# Another Flip House Almost Ready to Sell



## imported_MRB (Oct 10, 2013)

I know this is quite a bit more than a garage but here it is.

View attachment 1870


View attachment 1871


View attachment 1872


View attachment 1873


View attachment 1874


House has a built in pool which the original wood deck was dry rotted out so we wrecked it out we will be replacing it with a concrete patio. 
Won't be buying another house to flip with a pool as they are not cheap to make right. Even though this pool is extremely unique and very nice it is terribly overbuilt for the area the house is in, and this house is in a nice fairly nice area. Won't get much appraised value for the pool. Other than that, just a week or two of finish work and clean up and she should be good to go.


----------



## Admin (Oct 10, 2013)

Looks nice. Any before pictures?


----------



## oldognewtrick (Oct 10, 2013)

Looking good MRB!


----------



## Chris (Oct 10, 2013)

Looks great, hope you make some money on it.


----------



## oldognewtrick (Nov 16, 2013)

Well, did you sell it?


----------



## imported_MRB (Nov 17, 2013)

Took an offer for $290,000.00 in 2 days and it is now pending. Buyer has conventional loan and it should close in 24 days. If is does, it will be just in time for end of year. 

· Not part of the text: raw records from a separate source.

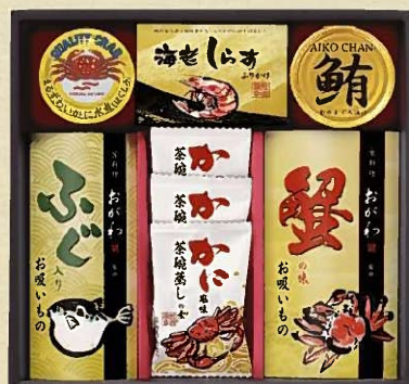
京料理おが和監修 お吸いもの詰合せ KO-DOA 税抜 4,000円 (税込 4,320円)

内容 / 蟹の味お吸いもの3.8g×3袋、有明海産味のり8切5枚×3袋、 かに風味茶碗蒸しの素3袋、鰹油漬フレーク70g、 海老しらすふりかけ3g×3袋 箱サイズ / 285×300×70mm 梱 / 10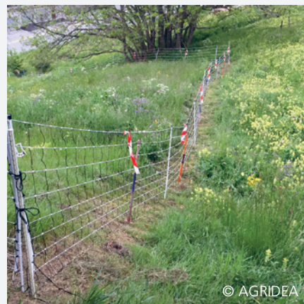
Weidenetz mit Flutterband rot-weiss

Merkblatt: «Wolfschutzzäune auf Kleinviehweiden», AGRIDEA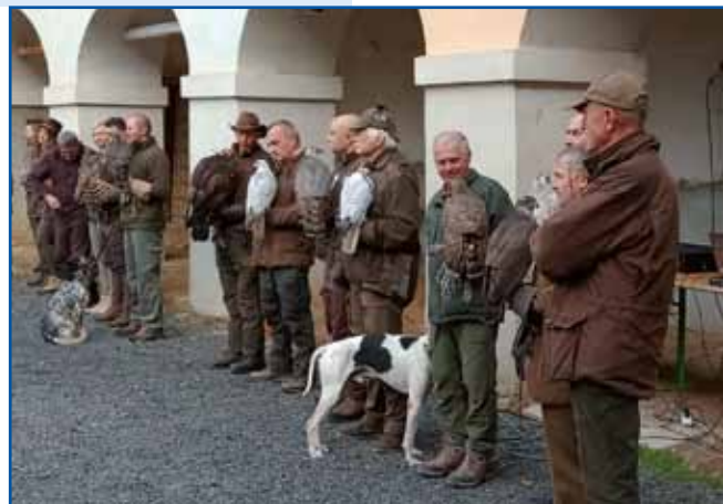
Udeleženci so iz Slovenije in sosednjih držav

»Vzgoja ptic ujed zahteva veliko truda in znanja, po-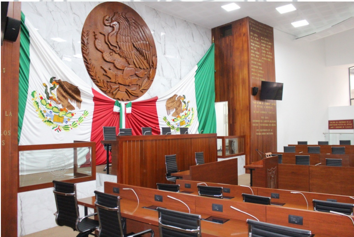
CONTROL DE ASISTENCIAS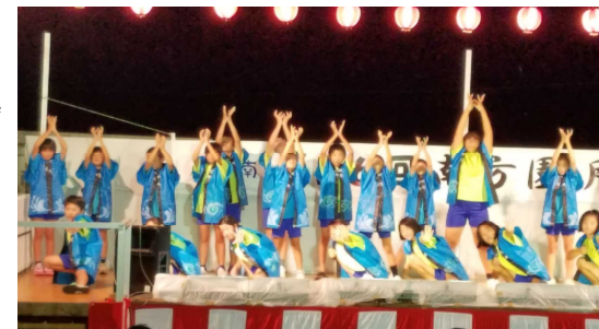
【最後の決めポーズ】

会場を埋め尽くした多くの方から大きな拍手をいただき、子どもたちは皆満足そうでした。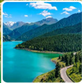
อุทยานเทียนซาน เทียนนือ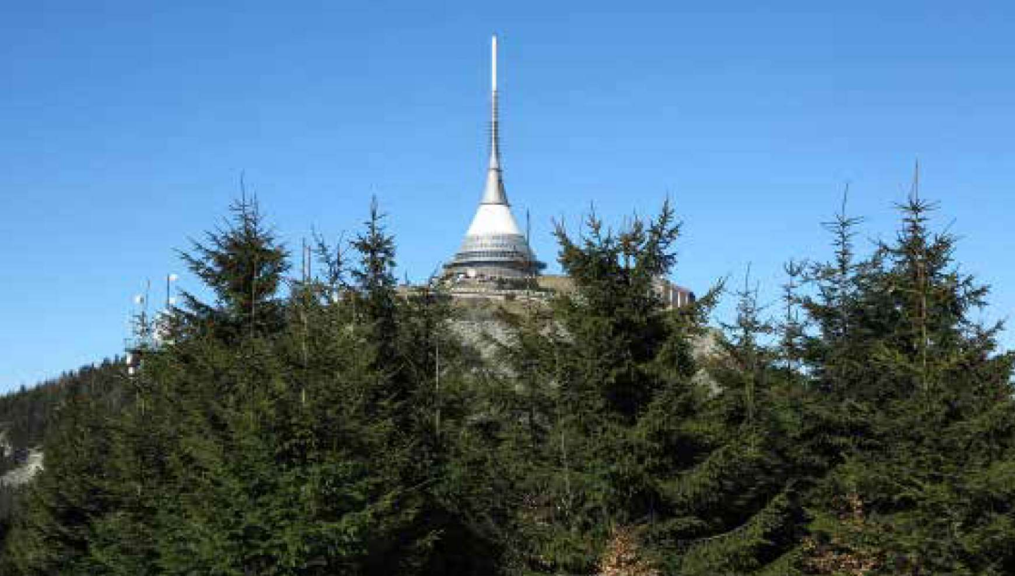
Nezaměnitelná vrcholová partie Ještědu

Here's a parting photo shot. 


View attachment 2004


----------



## imported_MRB (Nov 17, 2013)

Took an offer for $290,000.00 in 2 days and it is now pending. Buyer has conventional loan and it should close in 24 days. If is does, it will be just in time for end of year. 

Here's a parting photo shot. 


View attachment 2004


----------



## oldognewtrick (Nov 17, 2013)

Looks really nice!


----------



## imported_MRB (Nov 17, 2013)

Probably will do one more flip as I have bought some 3/8 to 1/2 acre lots with roll outs and plan on building a few spec homes. Architect is finalizing plans/blueprints for three models. They should be through plan check in two counties in abut 3 to 4 months.

 Of course these houses will have nice large garages.


----------